Just days after saying that it was targeting record wheat shipments this year, the government went to the other extreme on Saturday by banning exports. While the decision was prompted by domestic wheat prices hitting a record high after a heat wave brought down production, the question is whether such a sledgehammer approach was necessary. The answer would be a resounding ‘no.’ Justifying the decision, a government official told Reuters that for the government, the ban, following the sharp rise in inflation, was “an abundance of caution.” Call it a knee-jerk response or abundance of caution, the problem is this has been a standard response of the government while imposing ban on exports of various commodities from time to time. Look at the number of times (an estimated three times a year on average) that an export ban was imposed on onion, at the slightest hint of trouble.
No one can deny that some action was necessary to cool the domestic prices of wheat.

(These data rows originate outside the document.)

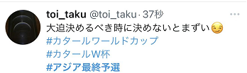 比赛开始前,由于时间缘故,再加上有日本女子偶像团体在开赛前发出为日本队加油助威视频,吸引了不少眼球,日本社交媒体上对本场球赛本身的讨论并不活跃。而到了日本时间19时开球时刻,有不少人分享说自己刚刚下班,准备开始看球。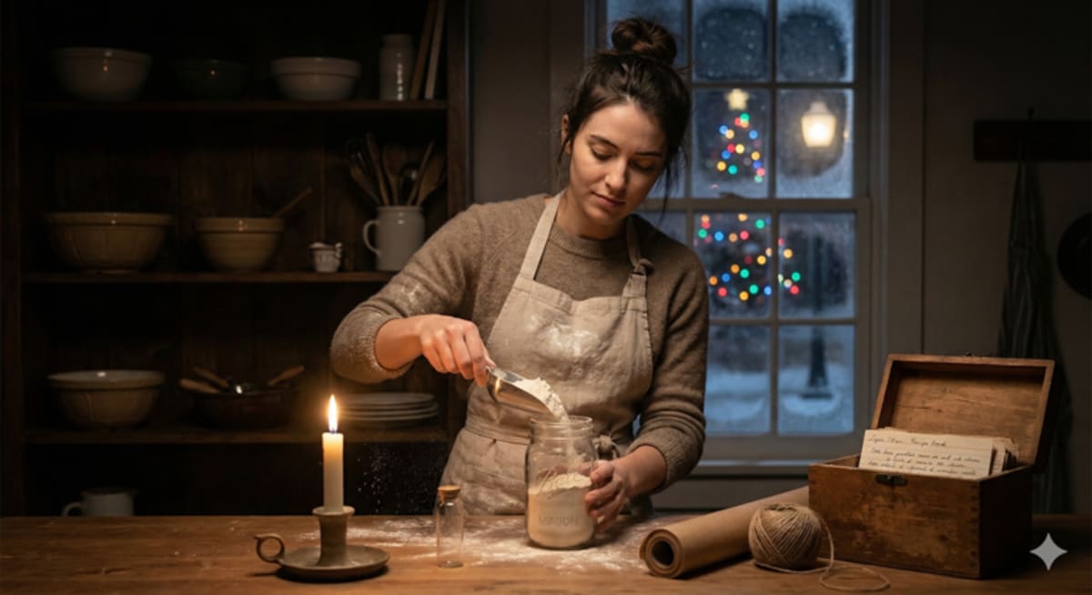 Flour first. She held the measuring cup in both hands and thought about Winterbound's message. The kind of nights where you forget what your mom's kitchen smells like. She poured the flour slowly, watching it settle into soft white drifts at the bottom of the jar, and she let herself remember her own mother's kitchen on the Christmas Eve when the gingerbread house arrived. The way grief had made everything gray and muted until that box appeared on the porch, until the smell of spices filled the house, and her mother had smiled for the first time in weeks.
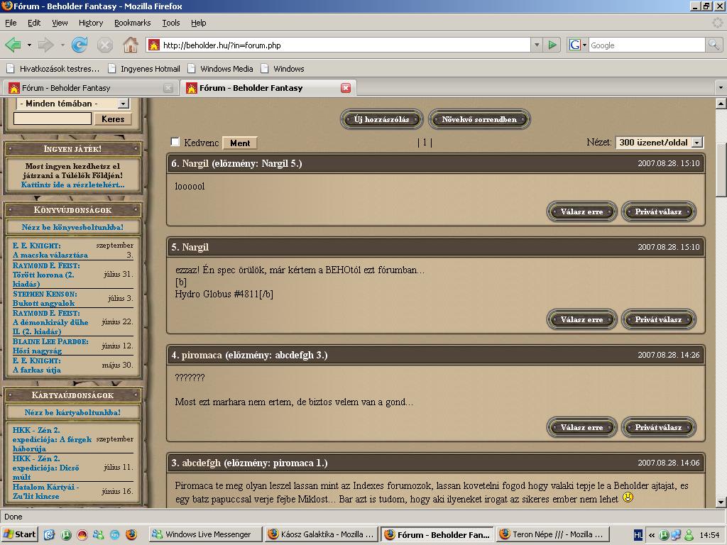 | Új/módosult hírelemek |  | Orgling lázadás |  | E-mail címek a listához |  | Nosztalgikus legek, avagy legnagyobb szívások. |  | Szabályok kidolgozására  tett ötletek. |  | ŐV újra élesztése |  | Keresem a régi cimbiket!!! |  | Patch |  | újítás |  | Leállás |  | ROFL |  | mi lesz ebbol? |  | Kész a 20 szint ! |  | Változások 2008,11,10 |  | Jubileumi Fantasy Találkozó avagy oooolimpia lesz |  | Búcsúdal (?) |  | Patch a tali után |  | Pénteki táplálás |  | Peccs |  | Ujabb adag gyogyszer a komas betegnek |  | Új fejlesztés került be a játekba! |  | Folyt. kov. |  | 9 = 1 :)) |  | ŐV JV szabadság |  | Nincs tobbe postara jaras ! :) |  | Holnapi peccs |  | Pénteki javítás (a Beholder honlapjáról) |  | Peccs |  | ÚJ KLÁNKÉPESSÉGEK |  | Haladás |  | Olimpia lesz (jelentkezés november 19.-ig) |  | Fejlesztések ezerrel |  | Ünnepi munkarend |  | 2007. 10. 04-ei patch |  | Elkészült a 18. szint |  | Friss Hir! |  | Ősök városa (és TF) kedvezmények,uj karakter indításakor....(hehe) |  | Végre! Amit mindenki régóta várt! Nagy horderejű fejlesztések a Beholdernél |  | Új időszámítás - BMT |  | Peccs peccs hátán |  | Az Uralkodó örökre elkárhozott!! |  | Hamis arany |  | Peccs |  | Állás |  | krónika |  | megujabb peccs |  | uj peccs |  | Tisztelt Tihor Miklos! |  | ÖV találkozó programja |  | Jelmezverseny |  | toborzó!? |  | Leanthil megtér |  | Olimpia/Tali |  | Szerver leállás |  | Őv-Tf-Hkk találkozó |  | I.Felszín-visszafoglaló gyalogtúra |  | hibajavítás |  | Valek: van új patch!!! |  | Új avatárok |  | Febr. 5-ei peccccccs. |  | Teleportálás |  | Patch javitas! |  | Admin pályázat |  | Új patch |  | karácsonyi patch |  | IRC Fórum januárban |  | Munkarend a két ünnep között |  | 2007-es kuponok kronikaban |  | ŐV-s cikkek |  | peccs: 2006.12.1. |  | Ifjú titánok |  | Új patch 2006.11.20. |  | szabi |  | Változások |  | Alanori Krónika |  | AK cikkíró |  | Új Csoport(ok)! |  | Ma nem lesz kiküldés! október 2. |  | Költözik a cégünk! |  | PECCS |  | Alanori Krónika 2006.szeptember - Ősök Városa Kulisszatitkok |  | Peccs (2006 szeptember 4.) |  | Pályázat |  | 2006.8.11.Peccs |  | Új fejlesztés - Kaszinó |  | Áremelés! |  | Peccs (VII. 31.) |  | július 17. P. |  | 2006.7.10. PECS |  | szabi behonal |  | OLIMPIA |  | kalandtervezo palyazat |  | specializáció |  | Uj patch!! |  | Új IRC statisztika |  | Specializáció: tervezet |  | Beholder szerver leállás |  | PECS |  | Kisebb új funkció készült Baltaroghoz |  | Specializáció |  | pecs (06.04.13.) |  | Csütörtöki leállás! |  | Új peccs Behonal |  | Letöltés változás |  | Lehellet |  | beho listan jott |  | Uj peccs(ek) |  | Hősök kerestetnek |  | Címlapon a behó! |  | Új apróbb peccs - feb. 14. |  | plusz+ |  | Mai patch |  | Uj spellekrol... (c) Beholder - AK |  | Ujabb korlat |  | Új patch |  | Ünnepi nyitvatartás |  | Felhívás - Nagy év végi aura gyűjtő akció!!! |  | PEEEECCCCSSS  - Dec 13. - |  | Pénteki BUG |  | UJRATAPLALAS PENTEK DELELOTTI FORCSIRA |  | Behos hir |  | KALANDOR RANGOK |  | nov. 28-ai PATCH |  | ŐV-s varázslattervező pályázat |  | nov. 10-i PATCH |  | új peccs |  | Szün- és Ünnepnapok |  | Olimpia |  | Új patch |  | döglődő datatrans |  | Uj patch |  | A Legendák Völgye |  | 2005. augusztus 24-i PATCH |  | Hamarosan!!! |  | 2005. július 21. |  | Ha még valaki nem látta volna... |  | Vadi új patch (2005.06.23.) |  | Újabb patch (május 4.) |  | Molesztált egy bárd |  | Új patch (április 29.) |  | Torzak besorolása |  | Véget ért a Bárdverseny! |  | Szerintem... |  | Üdvöz légy a Teron Népén! |  | 143 darab |  |   |  | Hírek új hozzászólással |  | ROFL |  | ŐV újra élesztése |  | Orgling lázadás |  | E-mail címek a listához |  | Nosztalgikus legek, avagy legnagyobb szívások. |  | Szabályok kidolgozására  tett ötletek. |  | Patch |  | újítás |  | Leállás |  | mi lesz ebbol? |  | Kész a 20 szint ! |  | Változások 2008,11,10 |  | Jubileumi Fantasy Találkozó avagy oooolimpia lesz |  | Búcsúdal (?) |  | Patch a tali után |  | Pénteki táplálás |  | Peccs |  | Ujabb adag gyogyszer a komas betegnek |  | Új fejlesztés került be a játekba! |  | Folyt. kov. |  | 9 = 1 :)) |  | Nincs tobbe postara jaras ! :) |  | ŐV JV szabadság |  | Holnapi peccs |  | Pénteki javítás (a Beholder honlapjáról) |  | Fejlesztések ezerrel |  | Haladás |  | Peccs |  | ÚJ KLÁNKÉPESSÉGEK |  | Olimpia lesz (jelentkezés november 19.-ig) |  | Ünnepi munkarend |  | 2007. 10. 04-ei patch |  | Elkészült a 18. szint |  | Friss Hir! |  | Ősök városa (és TF) kedvezmények,uj karakter indításakor....(hehe) |  | Végre! Amit mindenki régóta várt! Nagy horderejű fejlesztések a Beholdernél |  | Új időszámítás - BMT |  | Peccs peccs hátán |  | Az Uralkodó örökre elkárhozott!! |  | Hamis arany |  | Peccs |  | Állás |  | krónika |  | megujabb peccs |  | uj peccs |  | Tisztelt Tihor Miklos! |  | ÖV találkozó programja |  | Leanthil megtér |  | Jelmezverseny |  | toborzó!? |  | Olimpia/Tali |  | Őv-Tf-Hkk találkozó |  | Szerver leállás |  | I.Felszín-visszafoglaló gyalogtúra |  | hibajavítás |  | Valek: van új patch!!! |  | Új avatárok |  | Febr. 5-ei peccccccs. |  | Teleportálás |  | Admin pályázat |  | Új patch |  | karácsonyi patch |  | ŐV-s cikkek |  | IRC Fórum januárban |  | Munkarend a két ünnep között |  | 2007-es kuponok kronikaban |  | peccs: 2006.12.1. |  | Új patch 2006.11.20. |  | Változások |  | specializáció |  | szabi |  | Alanori Krónika |  | AK cikkíró |  | Új Csoport(ok)! |  | Ma nem lesz kiküldés! október 2. |  | Költözik a cégünk! |  | PECCS |  | Alanori Krónika 2006.szeptember - Ősök Városa Kulisszatitkok |  | Peccs (2006 szeptember 4.) |  | Pályázat |  | 2006.8.11.Peccs |  | Áremelés! |  | Új fejleszté

In February, the government forecast production of 111.32 million tonnes, the sixth straight record crop, but it cut the forecast to 105 million tonnes in May. Latest estimates are that the crop could fall to around 100 million tonnes or even lower, and the government’s procurement has fallen more than 50%, raising the possibility of stocks becoming inadequate to ensure subsidised supplies under the National Food Security Act. The government has also said that private traders need not worry as about 4 million tonnes of wheat that has already been contracted for shipments with letters of credit will be allowed to be exported. While these arguments have some merit, the point is a sudden export ban wasn’t necessary. The purpose could have been achieved by resorting to calibration of exports via a minimum export price or an export duty. Several wheat exporting countries have done precisely that.
The fact is that while the ban favours consumers, it does hurt farmers’ interests. While farmers suffer during excess supply and depressed prices, they are unable to reap the benefits of higher prices amid crop shortages and a surge in demand in the international market if exports are banned. As Ashok Gulati and Sanchit Gupta wrote in The Indian Express, the sudden export ban reflects a deep-rooted urban consumer bias that indirectly becomes anti-farmer. In a major work that ICRIER did with OECD on the issue of agriculture price policies, it found that imposition of stocking limits on traders and export restrictions act as an implicit tax on farmers.
Another major issue is the timing of the announcement. It raises serious questions about India’s export policy credibility. The announcement comes barely a week after PM Narendra Modi directed that all steps be taken to ensure quality norms and standards so that India evolves into an assured source of foodgrain and other agri-products. It is not clear what changed the approach within a week. Agriculture ministers of the G7 nations have already said they would recommend the topic be addressed at the G7 summit in Germany in June that Modi has been invited to attend. Global buyers were banking on supplies from the world’s second-biggest wheat producer after exports from the Black Sea region plunged following Russia’s invasion of Ukraine. Although not one of the world’s top wheat exporters, India’s ban could drive global prices to new peaks given already tight supply, hitting poor consumers in Asia and Africa particularly hard. Traders have already predicted chaotic trading on the international wheat markets when they open on Monday as the ban would be a blow to buyers looking for wheat supplies. In short, the export ban decision was an extreme measure that should have been avoided. It will do little to tame inflation and will reflect poorly on India’s image as a nation that lends its helping hand to the poor of the world when it matters the most.